## Description of the task:
Retype each line of the data below exactly, beginning with the first and ending with the one that contains "MUSA KHAN | |||". Pictures do not belong in the copy.

## Given material:
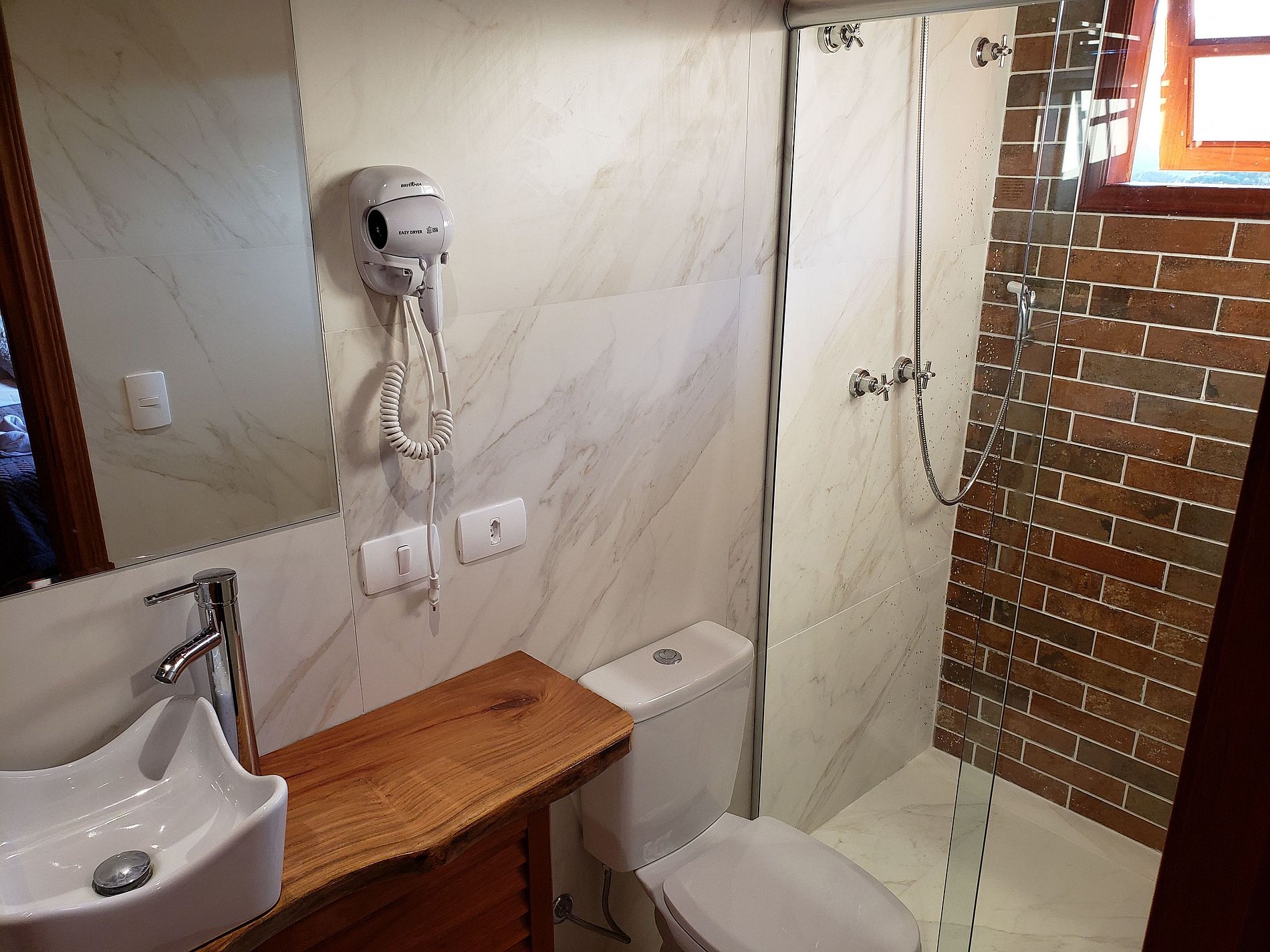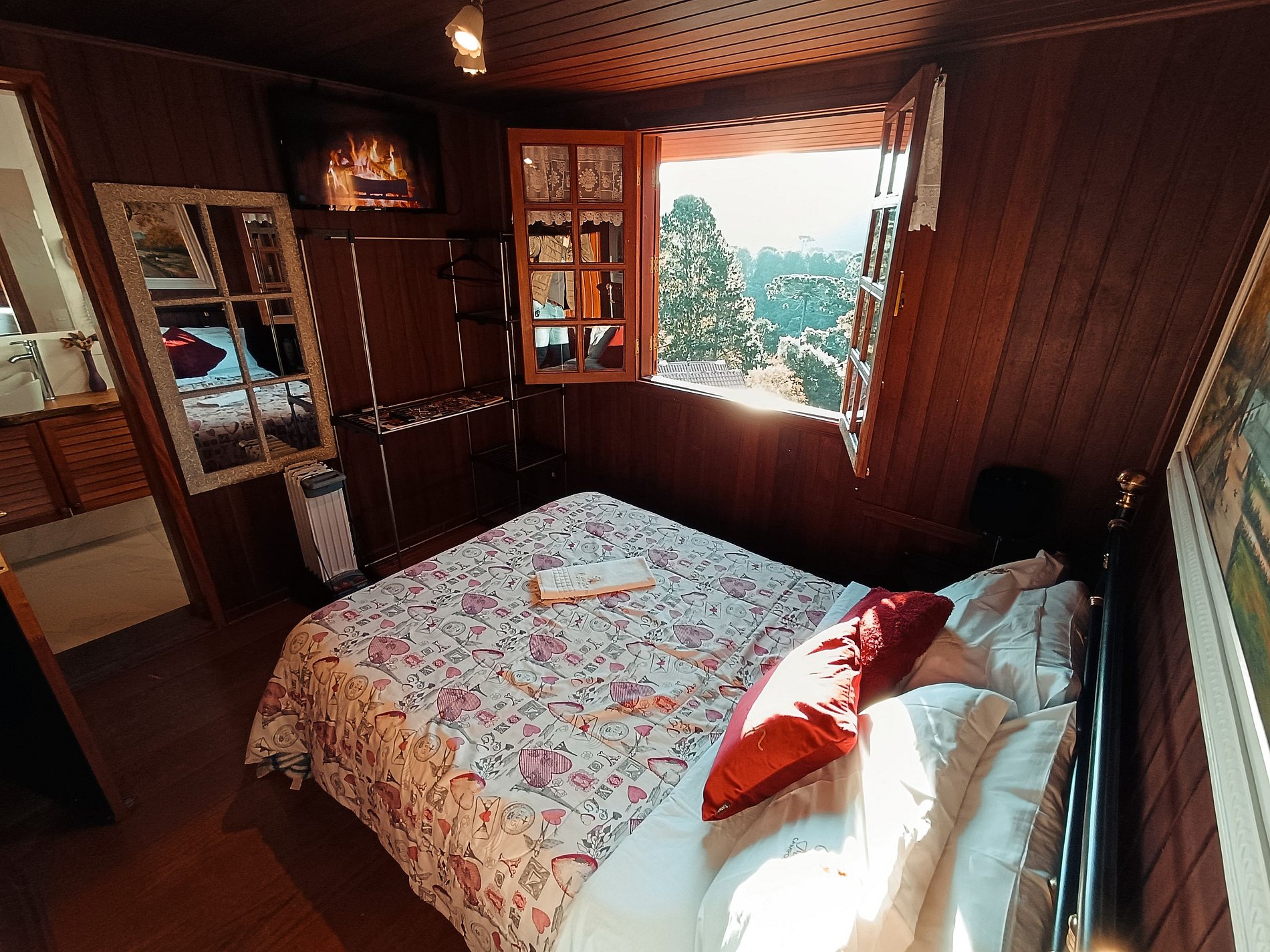Com uma privilegiada e linda vista da montanha , a suíte é toda em madeira, dando um ar de cabana rupestre, com uma cama de casal super confortável. Você tem a liberdade de entrar e sair a qualquer momento do dia ou da noite, pois terá a cópia da chave do quarto, da casa e o controle do portão. Caso esteja trazendo um ou mais pets, é cobrada uma taxa adicional para cada um dos nossos hóspedes de quatro patas.
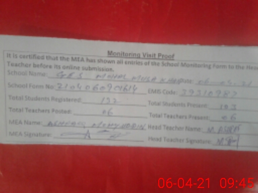 | EMIS Code: 39310987 | Name of School: GES MOHAL MUSA KHAN | |||
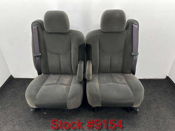 Set of gray cloth bucket front seats removed from a 2004 Chevy Silverado 1500 extended cab truck. The seats are Dark Gray (Chevy calls it "Very Dark Pewter"). The driver's seat is power directional with a manual seatback. The passenger's seat is manual directional with a manual seatback. The driver's has some light fabric pile wear, fabric is still strong and foam is still firm and in good condition.
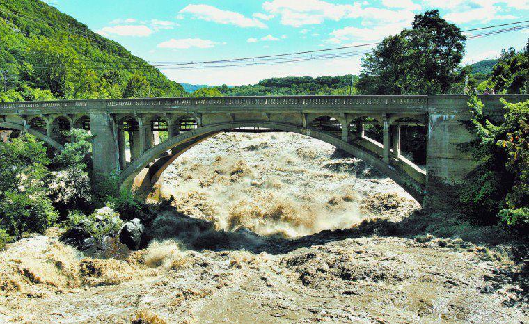According to the National Weather Service in Gray, ME (which covers NH and the CT River), the 1936 Flood is still the historic high for the Connecticut River. The river reached an astounding 43.5 feet. The second highest was during the hurricane of 1938, when it reached 39.1 feet. During Tropical Storm Irene in 2011, it only reached 31.3 feet. To put it into perspective, this the Bellows Falls Bridge during Irene.

## Exercise output:
Com uma privilegiada e linda vista da montanha , a suíte é toda em madeira, dando um ar de cabana rupestre, com uma cama de casal super confortável. Você tem a liberdade de entrar e sair a qualquer momento do dia ou da noite, pois terá a cópia da chave do quarto, da casa e o controle do portão. Caso esteja trazendo um ou mais pets, é cobrada uma taxa adicional para cada um dos nossos hóspedes de quatro patas.
 | EMIS Code: 39310987 | Name of School: GES MOHAL MUSA KHAN | |||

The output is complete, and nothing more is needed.